I will always stick up for you.


~ I don’t know how I lasted the past few years without you around. You give me something to look forward to each day. My mom wants me to go to Uconn next fall. I want to go to. I want you to go with me. Even if you don’t go to school I want you to be there with me. To leave you behind in Plainville would be too hard. I don’t think I could go without you. How would you get up there to see me? How will I maintain when I’ll be wondering what you’re doing and who you’re with the whole time. I’m actually happy. You make me this way. I haven’t been happy in a long time. But when I’m with you all of my troubles float out the door and you occupy my mind just as much as you do my time. Did you know that I can be the one to take her off of your mind for good? Because I can…if you let me.

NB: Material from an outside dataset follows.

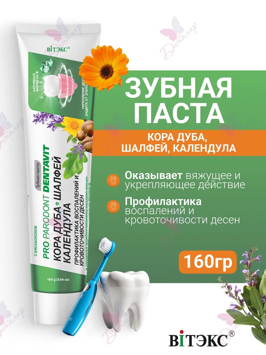 Dentavit toothpaste with oak bark, sage, and calendula prevents gum inflammation and bleeding. This toothpaste contains 100% natural extracts of oak bark, sage, and calendula, which quickly relieve inflammation, reduce gum bleeding, and have an astringent and strengthening effect. Bisabolol has an anti-inflammatory and soothing effect on the oral mucosa. Sodium pyrophosphate effectively combats tartar and the causes of its formation, preventing plaque buildup. The toothpaste contains an effective concentration of 1000 ppm fluoride ions and a special form of calcium that is easily absorbed by enamel. This quickly replenishes demineralized areas of hard tooth tissue with essential minerals, restoring the whiteness and shine of enamel, strengthening teeth, and improving their appearance. An ultra-effective complex of ingredients: - effectively strengthens gums, - reduces inflammation and bleeding, - reliably protects tooth enamel from cavities. Directions: Brush your teeth for 2-3 minutes, then rinse your mouth. Do not swallow! It is recommended to brush your teeth at least twice a day. For adults only.

Deep Inside of You ~ Third Eye Blind

When we met, light was shed
Thoughts free flow
You said you've got...something
Deep inside of you
A wind chime voice sounds
Sway of your hips 'round rings true
It goes deep inside of you
These secret garden beams
Change my life so it seems
A Fall breeze blows outside
I don't break stride
Thoughts are warm
And they go deep inside of you

Oh yeah
Well I never felt alone
Alright
Oh oh uh
Oh oh uh
'Till I met you

Friends say I've changed
I don't listen
'Cause I live to be
Deep inside of you
Slide up her dress
Shouts in darkness
I'm so alive
I'm deep inside of you
You said boy made girl feel good

But still...
Deep inside
Still
I never felt alone
'Till I met you
I'm alright on my own
And then I met you
And I'd know what to do
If I just knew
What's comin'
I would change myself if I could
I walk with my people if I could find them
And I'd say that I'm sorry to you
I'm sorry to you
And I don't wanna call you
But then I wanna call you
'Cause I don't wanna crush you
But I feel like crushing you
And it's true
I took for granted
You were with me
I breathe by your looks
And you look right through me
(We were broken)
(Do you know it)
(We were broken)
(Do you know it)
(We were broken)
(Do you know it)
(We were broken)
(Do you know...)

Lies, all lies.
That's right.
All.

Something's gone
You're withdrawn
I'm not strong
Like before
I was deep inside of you
I can go nowhere
I burn candles and stare
At a ghost
Deep inside of you
And some great need in me
Starts...to bleed
I've lost myself
There's nothin' left
It's all gone
Deep inside of you

Deep inside of you
Mmmm...
Deep inside of you


~This weekend was…the best, however at the same time tempting in a way, because now I want it more than I did when I didn’t have it at all. I keep seeing your face all twisted up in pleasure, and then I smell your cologne wherever I turn and I picture you at home waiting. You’re always waiting, we’re always waiting, I’m always waiting. I think life just consists of waiting. Waiting for the herb, waiting for the calls for the herb, waiting for the weekend to come, waiting for the week to leave, waiting for everyone to disappear and leave us alone, waiting for school to get out so that I can come see you, waiting to get paid, waiting to get laid, waiting to feel good. We need to take some time to just revel in what is. Fuck waiting. Like Friday night when you said you needed to go for a walk and then you walked ten feet before turning around and running back to grab my hand and lay beside me watching the stars on the hood of the car, that was reveling in the moment. We need to do that more often. So much is spoken between us without words. The silence is so loud sometimes. I wish you were here right now so that I could have a kiss from those pouty lips.